INPUT DATA:

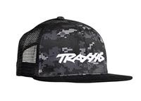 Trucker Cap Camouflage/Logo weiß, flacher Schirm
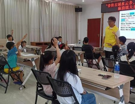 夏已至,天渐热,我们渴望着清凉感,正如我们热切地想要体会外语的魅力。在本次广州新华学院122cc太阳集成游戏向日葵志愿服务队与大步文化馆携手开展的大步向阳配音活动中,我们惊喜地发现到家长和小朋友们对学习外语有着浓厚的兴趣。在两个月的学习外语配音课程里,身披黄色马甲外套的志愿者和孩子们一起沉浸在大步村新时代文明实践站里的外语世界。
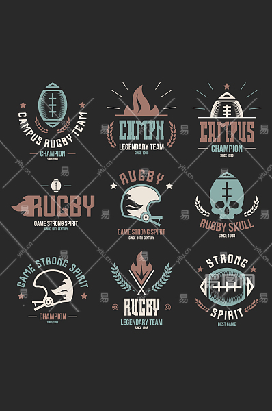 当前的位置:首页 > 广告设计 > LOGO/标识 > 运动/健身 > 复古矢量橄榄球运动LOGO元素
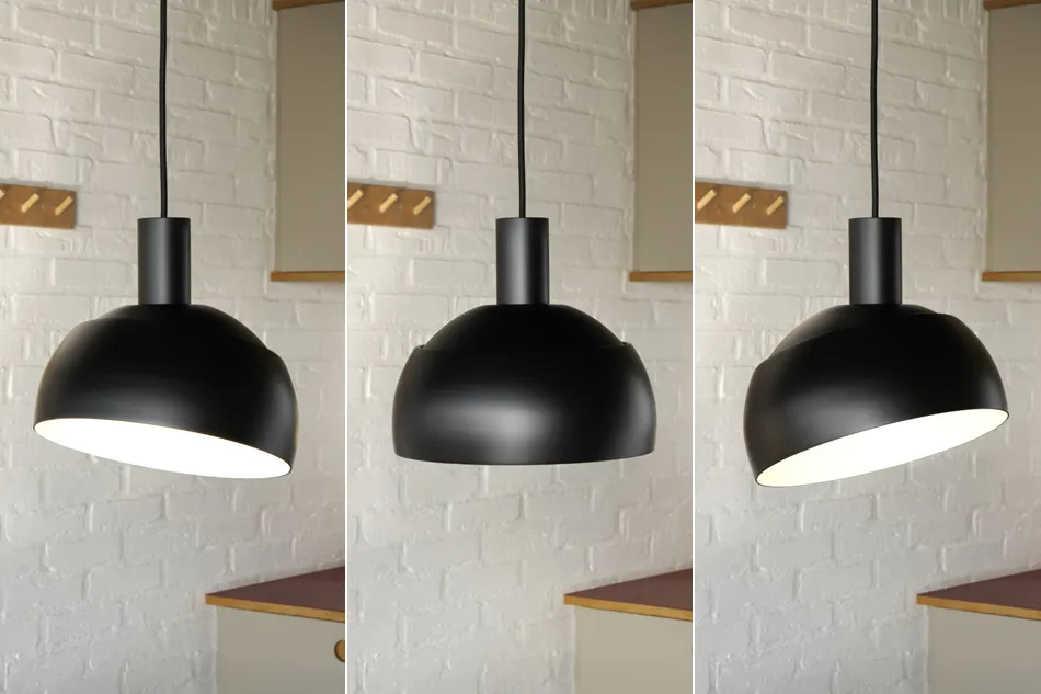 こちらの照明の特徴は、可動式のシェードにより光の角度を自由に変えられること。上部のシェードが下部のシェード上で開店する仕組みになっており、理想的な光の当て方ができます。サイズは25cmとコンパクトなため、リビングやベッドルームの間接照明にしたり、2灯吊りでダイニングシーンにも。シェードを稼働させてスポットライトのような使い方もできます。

DIRECTIONS: When you reach a picture, pass over it; write out all other material exactly.

ANSWER BOX:
 Trucker Cap Camouflage/Logo weiß, flacher Schirm
 夏已至,天渐热,我们渴望着清凉感,正如我们热切地想要体会外语的魅力。在本次广州新华学院122cc太阳集成游戏向日葵志愿服务队与大步文化馆携手开展的大步向阳配音活动中,我们惊喜地发现到家长和小朋友们对学习外语有着浓厚的兴趣。在两个月的学习外语配音课程里,身披黄色马甲外套的志愿者和孩子们一起沉浸在大步村新时代文明实践站里的外语世界。
 当前的位置:首页 > 广告设计 > LOGO/标识 > 运动/健身 > 复古矢量橄榄球运动LOGO元素
 こちらの照明の特徴は、可動式のシェードにより光の角度を自由に変えられること。上部のシェードが下部のシェード上で開店する仕組みになっており、理想的な光の当て方ができます。サイズは25cmとコンパクトなため、リビングやベッドルームの間接照明にしたり、2灯吊りでダイニングシーンにも。シェードを稼働させてスポットライトのような使い方もできます。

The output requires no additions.